- A screenshot of the game
- Developer: Zach Gage
- Engine: Open Frameworks
- Platform: MacOS
- Release: 2009
- Genres: Shoot 'em up, art game
- Mode: Single-player

= Lose/Lose =

2009 art video game

Lose/Lose is a shoot-'em-up and art video game developed by Zach Gage and released in 2009 for MacOS as part of his master's thesis show, "Data", at Parsons School of Design's MFA program. Styled after games like Galaga, the player controls a spaceship and can shoot at aliens in their path, each representing a random file on the player's computer. Destroying an alien causes the file to be deleted, potentially corrupting the player's operating system, while dying causes the game itself to be deleted. The aliens do not attack and only act as dangerous obstacles.

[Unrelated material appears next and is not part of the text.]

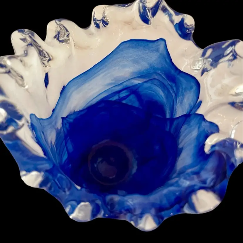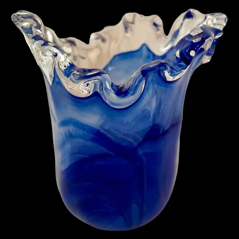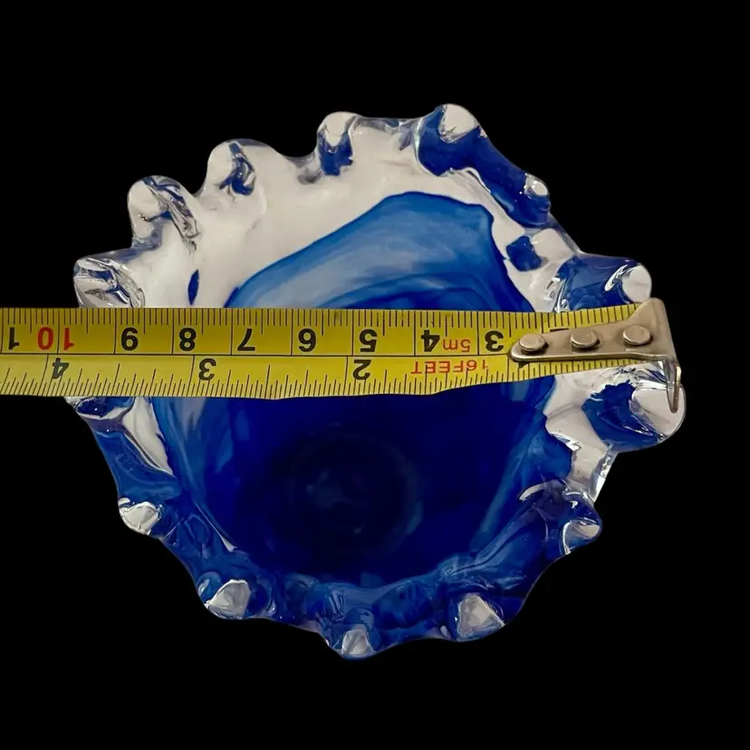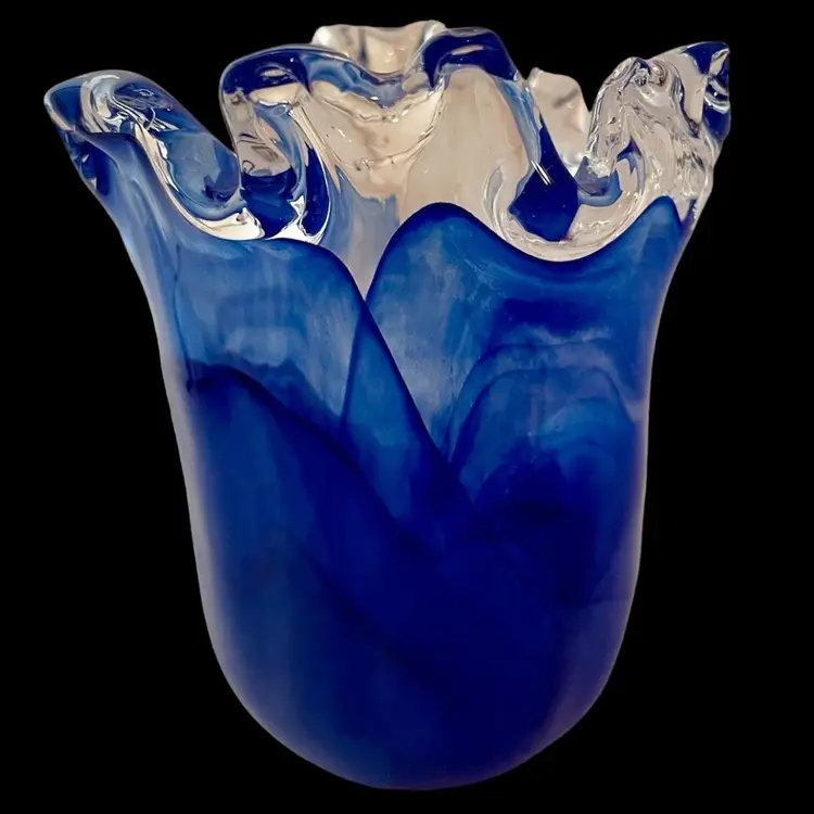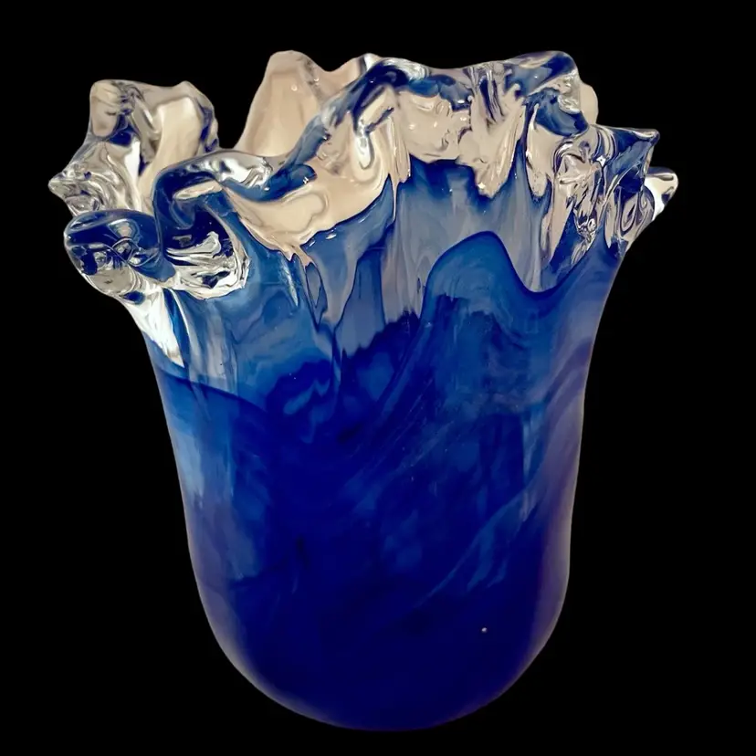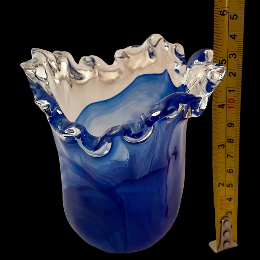 Murano White Cristal Cobalt And Clear Made In Italy Glass Vase. Condition is Used. Shipped w USPS Mail

The game received notoriety for its potentially harmful game mechanic, and was classified by Symantec as malware.

== Reception ==
Stephen Totilo of Kotaku called Symantec's decision to classify the game as dangerous "the power [...] to suggest a game can have real-world consequences", deeming it "a victory for Gage". Bitmob of VentureBeat called the game scary, saying that "in 3 seconds, I need to reinstall Call of Duty 4, Unreal Tournament 2004 and replace several icons". They suggested that people not download the game, saying that "the fact that it has a leaderboard, a disturbing twist to the game and simplicity makes it all the more alluring", and stated that the game would "really scar you".

Kieron Gillen of Rock, Paper, Shotgun said that he was "a fan of using your PC's files as part of the game", and remarked that "people are not playing it for obvious reasons". Michael Conroy of Wired UK called the game "the sort of computer game that most people will be too afraid to install".